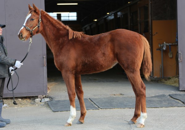 12月中旬現在、谷川牧場第二分場で、午前10時過ぎから放牧して、翌朝6時に収牧する昼夜放牧が引き続き当歳馬14頭で行われている。牧場スタッフは「ひと言で言えば、よく食べて、よく寝る仔ですね。馬房の中でも、気持ちよさそうに寝息を立てて横になってよく寝ていますし、放牧地にいる間もよく食べて、先日も隣の放牧地にいた白鳥の群れが飛び立った際の音に他の馬は驚いたり、そちらの方向へ意識を向けたりしましたが、本馬は気にせず一心に牧草を食べ続けていました。お陰で順調に身体は成長しています」とのことだ。12月上旬の馬体重は345キロ。
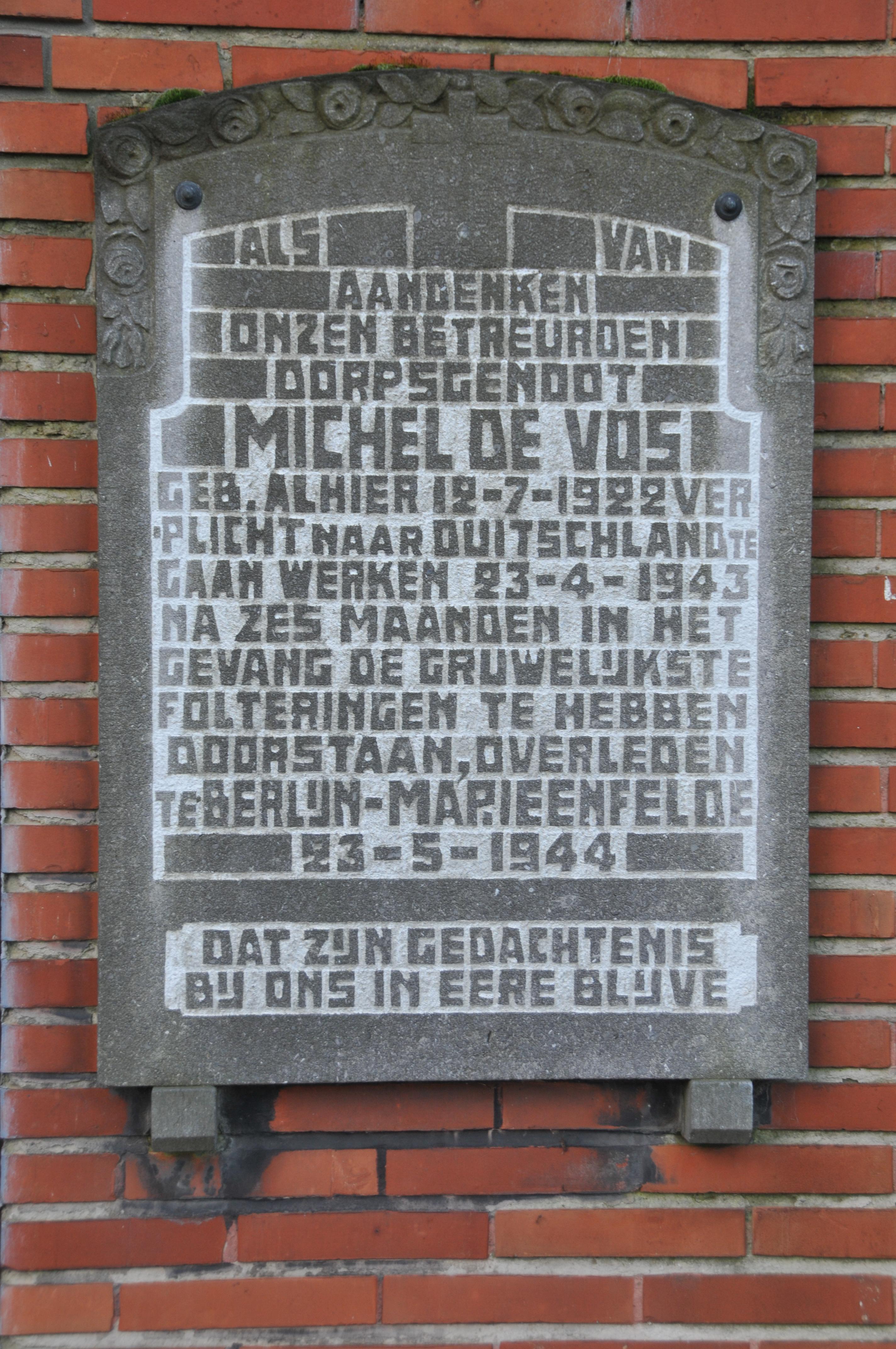 A commemoration of fellow villager Michel De Vos,
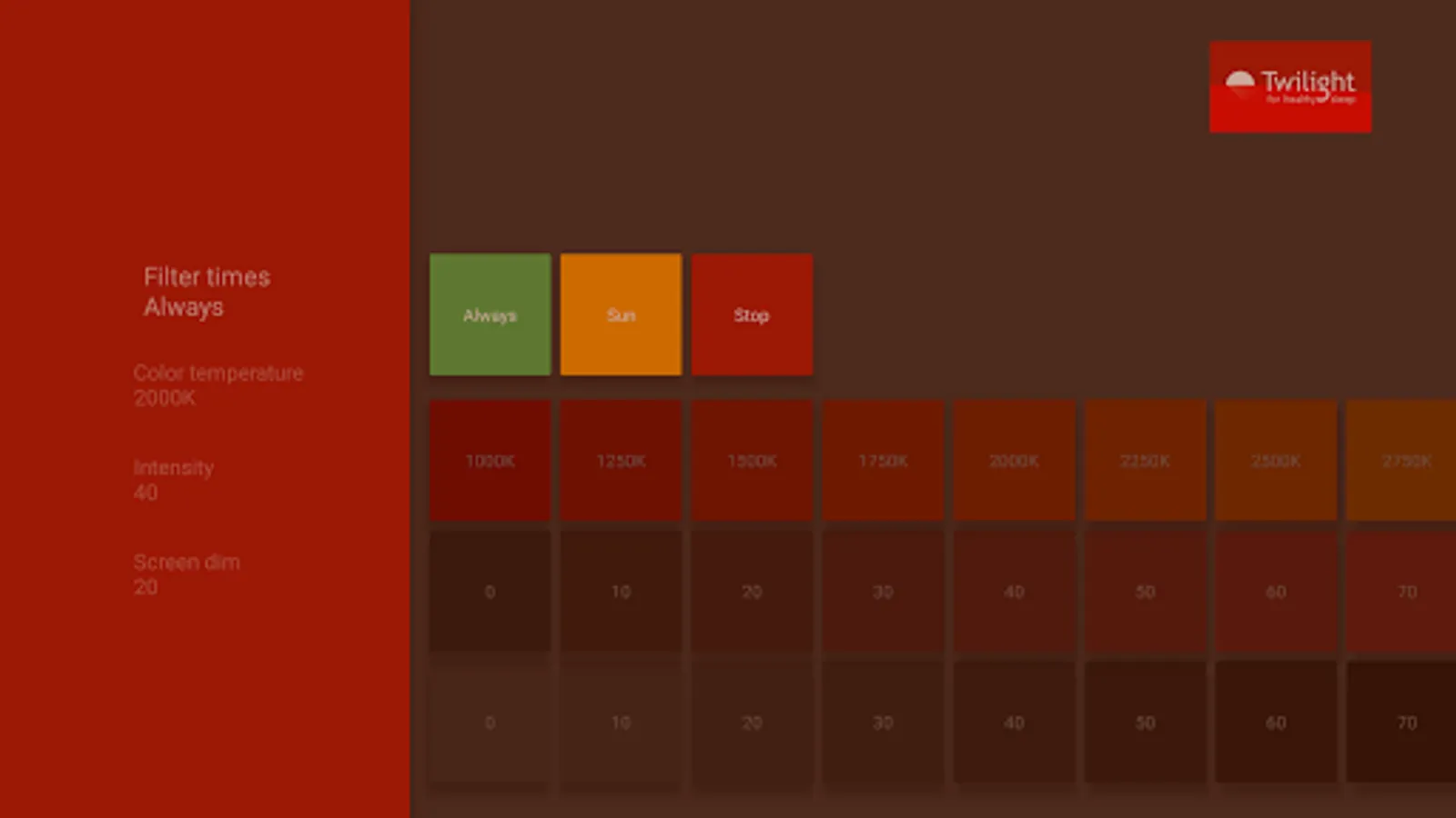2) AMOLED screens: We have tested Twilight on an AMOLED screen for 5 years without any sign of depletion or over-burning. If properly configured Twilight causes less light emission (by enabling dimming) with more equal light distribution (dark areas of the screen such as the status bar get tinted). This may in fact increase your AMOLED screen life time.
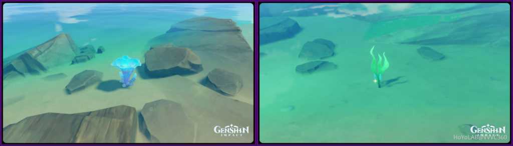 Морской гриб и Морская водоросль – растения, которые можно встретить только под водой. Находятся на побережьях всех островов Инадзуми, морских грибов больше всего вокруг островов Каннадзука.

◆ TASK REQUIREMENTS ◆
Your copy should match the material above exactly, minus its pictures.

◆ YOUR SOLUTION ◆
 12月中旬現在、谷川牧場第二分場で、午前10時過ぎから放牧して、翌朝6時に収牧する昼夜放牧が引き続き当歳馬14頭で行われている。牧場スタッフは「ひと言で言えば、よく食べて、よく寝る仔ですね。馬房の中でも、気持ちよさそうに寝息を立てて横になってよく寝ていますし、放牧地にいる間もよく食べて、先日も隣の放牧地にいた白鳥の群れが飛び立った際の音に他の馬は驚いたり、そちらの方向へ意識を向けたりしましたが、本馬は気にせず一心に牧草を食べ続けていました。お陰で順調に身体は成長しています」とのことだ。12月上旬の馬体重は345キロ。
 A commemoration of fellow villager Michel De Vos,
2) AMOLED screens: We have tested Twilight on an AMOLED screen for 5 years without any sign of depletion or over-burning. If properly configured Twilight causes less light emission (by enabling dimming) with more equal light distribution (dark areas of the screen such as the status bar get tinted). This may in fact increase your AMOLED screen life time.
 Морской гриб и Морская водоросль – растения, которые можно встретить только под водой. Находятся на побережьях всех островов Инадзуми, морских грибов больше всего вокруг островов Каннадзука.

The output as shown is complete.